Week 1 — What Makes a Story Work?
Students explore the essential elements of fiction — character, plot, setting, conflict, and theme — and learn what holds a story together from the first line to the last.
Week 2 — Writing Believable Characters
Focus on crafting characters with depth, flaws, and motivation — then writing introductions that reveal who someone is through action and detail, not description alone.
Week 3 — Plot Structure and Arcs
Students study the classic five-part story arc, map stories they already know, and write their own scenes that follow a clear rising structure.
Week 4 — Dialogue vs. Description
The balance between what’s said and what’s shown — how dialogue reveals relationships and description builds mood. Students experiment with both and learn to combine them.
Week 5 — Deep Dive into Point of View
First person, third person limited, omniscient — how each one changes what the reader sees and how close they feel to the character.
Week 6 — Story Beginnings That Hook
Students analyze powerful opening lines and practice different strategies for grabbing attention, raising questions, or setting tone right from the first sentence.
Week 7 — Conflict, Stakes, and Tension
Different types of conflict and how they drive story momentum — then a scene where a character faces something that actually matters.

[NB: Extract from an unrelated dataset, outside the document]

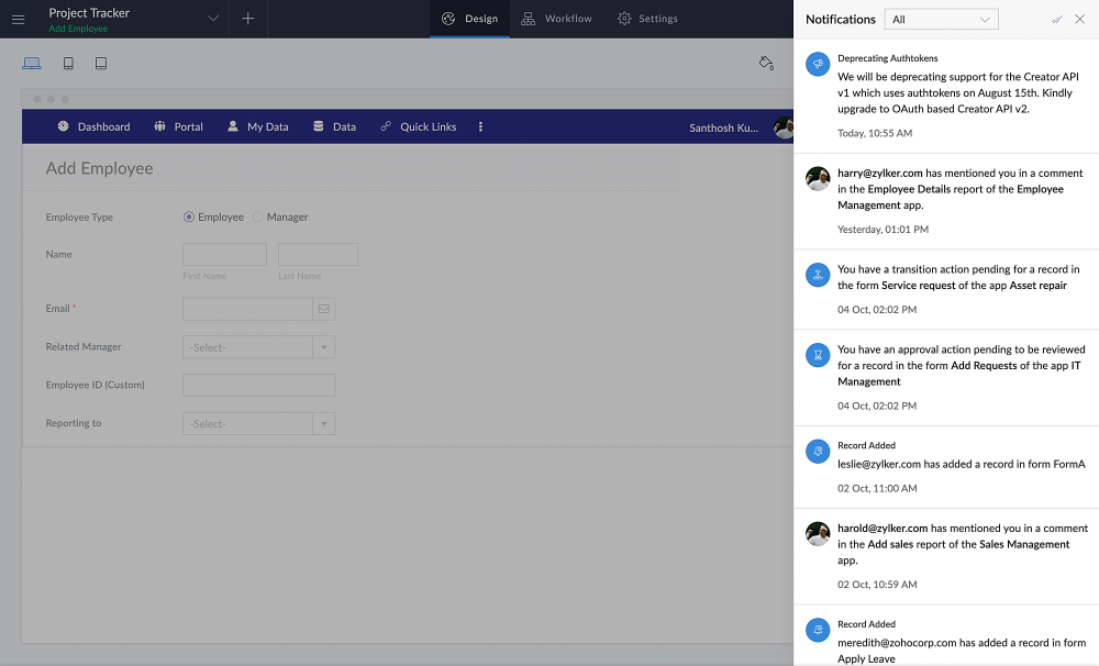 Notifications keep you in the loop about your account by providing instant alerts for specific activities. All your notifications are consolidated under the Notifications pane. You can view this pane by clicking on the Notifications bell icon, which will be visible across Development mode, and Live mode.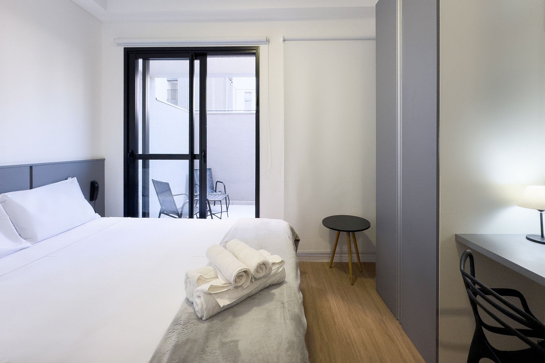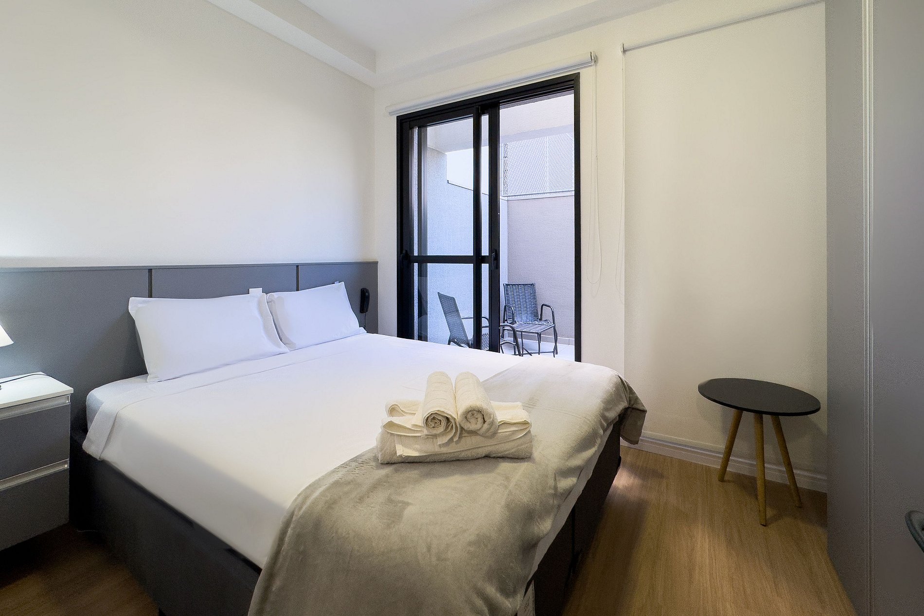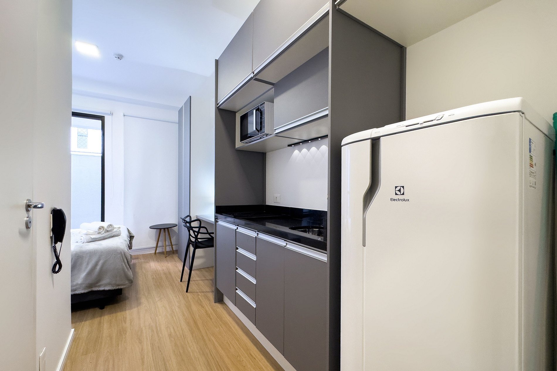 O apartamento possui 1 cama de casal padrão (1,38x1,88). Cozinha completa com geladeira, freezer, micro-ondas, fogão de indução (2 bocas), taças de vinho, cafeteira elétrica de pó para home office, guarda-roupa, Mesa, 1 Cadeira Interna, 2 Cadeiras Externas, TV e banheiro com ótimo chuveiro (água quente e fria). Será fornecido um jogo de enxoval (lençóis, travesseiros, fronhas e toalhas de banho e rosto) por hóspede. Não há trocas durante a permanência. Também é possível deixar um kit de enxovais extra com o pagamento de uma taxa adicional! Outras observações Ao redor do endereço Rua Coronel Lisboa 805 você encontrará uma variedade de opções para tornar sua estadia cada vez mais agradável.

Week 8 — Theme and Subtext
The deeper “why” behind a story. Students write with purpose, using action and tone to suggest meaning without stating it outright.
Week 9 — Strong Endings
How to write a conclusion that feels earned — satisfying, surprising, or emotionally resonant — rather than one that just stops.
Week 10 — Drafting a Full Short Story
Students outline and write the first draft of a complete original story, pulling together everything they’ve learned so far.
Week 11 — Self-Revision Tools
Revising with intention — strengthening character, pacing, and voice using a structured checklist. Not just fixing, but actually improving.
Week 12 — Final Story Submission
Writers polish and submit their final short story (800–1,000 words) along with a short reflection on what they’ve learned and how they’ve grown.
CCSS.ELA-Literacy.W.9–12.3 — Narrative Writing
Students write original stories and scenes each week, developing characters, conflict, plot structure, and point of view — building toward a complete, polished short story that demonstrates foundational narrative technique.
CCSS.ELA-Literacy.W.9–12.4 — Production and Distribution of Writing
Students produce clear, coherent writing appropriate to task, purpose, and audience — experimenting with dialogue-heavy scenes, description-driven passages, and complete short story drafts across the 12 weeks.
CCSS.ELA-Literacy.W.9–12.5 — Strengthening Writing Through Revision
A dedicated revision week teaches students to revise with intention — strengthening character, pacing, and voice rather than simply editing for errors — with ongoing personalized instructor feedback throughout the course.
CCSS.ELA-Literacy.W.9–12.10 — Range of Writing
Students write consistently across 12 weeks in a variety of forms and approaches, building stamina and confidence as writers over an extended time frame.
CCSS.ELA-Literacy.L.9–12.3 — Knowledge of Language
Students make deliberate choices about language and style — exploring the difference between dialogue and description, experimenting with point of view, and developing an understanding of how word-level decisions shape a reader's experience.